5. Longest Palindromic Substring

  • String
  • Dynamic Programming

Given a string s, find the longest palindromic substring in s. You may assume that the maximum length of s is 1000.

Example 1:

Input: "babad"
Output: "bab"
Note: "aba" is also a valid answer.

Example 2:

Input: "cbbd"
Output: "bb"

class Solution {
    public String longestPalindrome(String s) {
        if (s.length() < 2) {
            return s;
        }

        char[] ca = s.toCharArray();
        int rs = 0, re = 0;
        int max = 0;
        for(int i = 0; i < ca.length; i++) {
            if(isPalindrome(ca, i - max - 1, i)) {
                rs = i - max - 1; re = i;
                max += 2;
            } else if (isPalindrome(ca, i - max, i)) {
                rs = i - max; re = i;
                max += 1;
            }
        }
        return s.substring(rs, re + 1);
    }

    private boolean isPalindrome(char[] ca, int s, int e) {
        if(s < 0) return false;

        while(s < e) {
            if(ca[s++] != ca[e--]) return false;
        }
        return true;
    }
}

我们只需要以i为end点,以max为标准进行扩展,判断max+1或max+2长度的字符串是不是回数即可。

6. ZigZag Conversion

  • String

The string "PAYPALISHIRING" is written in a zigzag pattern on a given number of rows like this: (you may want to display this pattern in a fixed font for better legibility)
question_6
And then read line by line: "PAHNAPLSIIGYIR"
Write the code that will take a string and make this conversion given a number of rows:

string convert(string s, int numRows);

Example 1:

Input: s = "PAYPALISHIRING", numRows = 3
Output: "PAHNAPLSIIGYIR"

Example 2:

Input: s = "PAYPALISHIRING", numRows = 4
Output: "PINALSIGYAHRPI"
Explanation:

P○○I○○○○○N○○
A○L○S○○○I○○G  
YA○○○H○R○○○○
P○○○○○I○○○○○

class Solution {
    public String convert(String s, int numRows) {
        if (numRows <= 1) {
            return s;
        }

        StringBuilder[] results = new StringBuilder[numRows];
        for (int i = 0; i < numRows; i++) {
            results[i] = new StringBuilder();
        }

        int currentRow = 0, down = 1;
        for (int i = 0; i < s.length(); i++) {
            results[currentRow].append(s.charAt(i));
            if (currentRow == 0) {
                down = 1;
            } else if (currentRow == numRows - 1) {
                down = -1;
            }
            currentRow += down;
        }

        StringBuilder result = new StringBuilder();
        for (StringBuilder sb : results) {
            result.append(sb.toString());
        }
        return result.toString();
    }
}

定义row个StringBuilder,遇到第0行或倒数第1行掉头,按顺序取字符即可。

7. Reverse Integer

Given a 32-bit signed integer, reverse digits of an integer.

Example 1:

Input: 123
Output: 321

Example 2:

Input: -123
Output: -321

Example 3:

Input: 120
Output: 21

class Solution {
    public int reverse(int x) {
        int sign = 1;
        int begin = 0;

        if (x < 0) {
            sign = -1;
            begin = 1;
        }

        String unsignX = String.valueOf(x).substring(begin);
        long result = 0;
        for (int i = unsignX.length() - 1; i >= 0; i--) {
            result = result * 10 + (unsignX.charAt(i) - '0');
            if (result > Integer.MAX_VALUE) {
                return 0;
            }
        }
        return (int) (sign * result);
    }
}

先处理无符号int,用long保存临时结果,每次累加后判断是不是溢出,最后加上符号。

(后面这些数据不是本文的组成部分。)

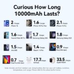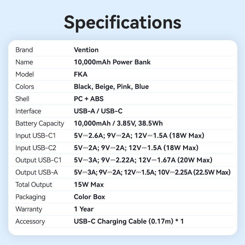 Capacity 10000 mAh | Battery capacity 38.5 Wh | Fast charging Yes | 2xNumber of simultaneously connected devices (max) | Colour Blue | Housing material Polycarbonate (PC),ABS | Charger compatibility Universal | Built-in display Yes | Input interface USB Type-C | Output voltage 5/9/12 V | Weight 198 g | Cables included USB Type-C | Product Net Weight 0.155 kg

8. String to Integer (atoi)

  • String

Implement atoi which converts a string to an integer.

The function first discards as many whitespace characters as necessary until the first non-whitespace character is found. Then, starting from this character, takes an optional initial plus or minus sign followed by as many numerical digits as possible, and interprets them as a numerical value.

The string can contain additional characters after those that form the integral number, which are ignored and have no effect on the behavior of this function.

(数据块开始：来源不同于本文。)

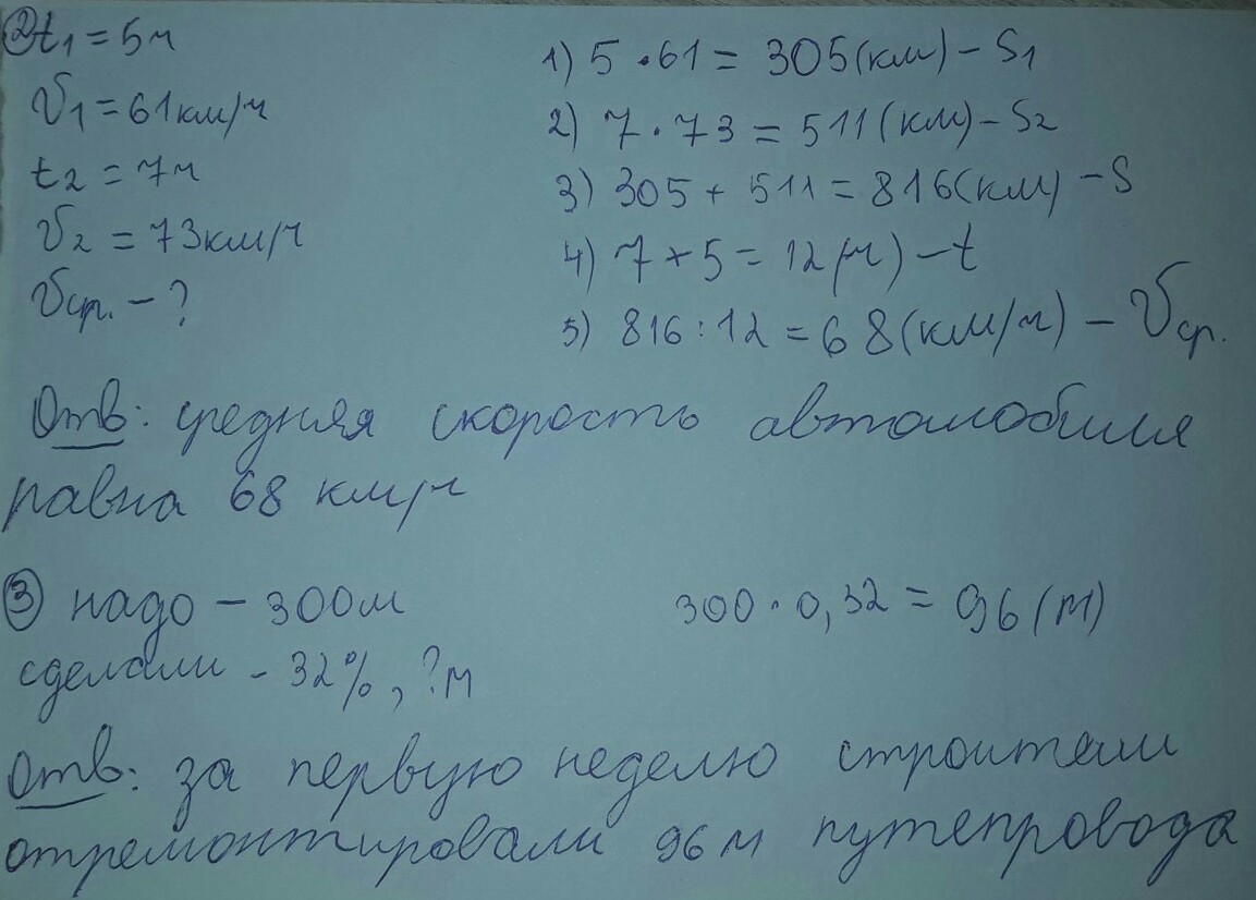 Автомобиль ехал 5 ч со скоростью 61 км/ч и 7 ч со скоростью 73 км/ч. Найдите среднюю скорость автомобиля на протяжении всего пути.

If the first sequence of non-whitespace characters in str is not a valid integral number, or if no such sequence exists because either str is empty or it contains only whitespace characters, no conversion is performed.

If no valid conversion could be performed, a zero value is returned.

Note:

  • Only the space character ' ' is considered as whitespace character.
  • Assume we are dealing with an environment which could only store integers within the 32-bit signed integer range: [−2^31, 2^31 − 1]. If the numerical value is out of the range of representable values, INT_MAX (2^31 − 1) or INT_MIN (−2^31) is returned.

Example 1:

Input: "42"
Output: 42

Example 2:

Input: " -42"
Output: -42
Explanation: The first non-whitespace character is '-', which is the minus sign. Then take as many numerical digits as possible, which gets 42.

Example 3:

Input: "4193 with words"
Output: 4193
Explanation: Conversion stops at digit '3' as the next character is not a numerical digit.

Example 4:

Input: "words and 987"
Output: 0
Explanation: The first non-whitespace character is 'w', which is not a numerical digit or a ± sign. Therefore no valid conversion could be performed.

Example 5:

Input: "-91283472332"
Output: -2147483648
Explanation: The number "-91283472332" is out of the range of a 32-bit signed integer. Thefore INT_MIN (−231) is returned.

class Solution {
    public int myAtoi(String str) {
        if (str == null) return 0;

        str = str.trim();
        int i = 0;
        int sign = 1;

        if (i < str.length() && (str.charAt(i) == '+' || str.charAt(i) == '-')) {
            sign = str.charAt(i++) == '+' ? 1 : -1;
        }

        long result = 0;
        while (i < str.length() && Character.isDigit(str.charAt(i))) {
            result = 10 * result + (sign * (str.charAt(i++) - '0'));
            if (result >= Integer.MAX_VALUE) return Integer.MAX_VALUE;
            if (result <= Integer.MIN_VALUE) return Integer.MIN_VALUE;
        }

        return (int) result;
    }
}

trim()清除头尾的空白字符串,然后判断第一位是不是符号位,然后在当前位是数字的情况下进行累加,每次累加完成后判断有没有溢出。

9. Palindrome Number

Determine whether an integer is a palindrome. An integer is a palindrome when it reads the same backward as forward.

Example 1:

Input: 121
Output: true

Example 2:

Input: -121
Output: false
Explanation: From left to right, it reads -121. From right to left, it becomes 121-. Therefore it is not a palindrome.

Example 3:

Input: 10
Output: false
Explanation: Reads 01 from right to left. Therefore it is not a palindrome.

class Solution {
    public boolean isPalindrome(int x) {
        if (x < 0) return false;
        if (x % 10 == 0 && x != 0) return false;

        int rev = 0;
        while (x > rev) {
            rev = rev * 10 + x % 10;
            x /= 10;
        }

        return rev == x || rev / 10 == x;
    }
}

普通解法就是每次取头和尾进行比较,这样需要计算长度,且取头比较繁琐。
示例解法只取尾部进行处理,到中间位置后判断原数字的左边一半和右边一半的逆序是否相等或差10。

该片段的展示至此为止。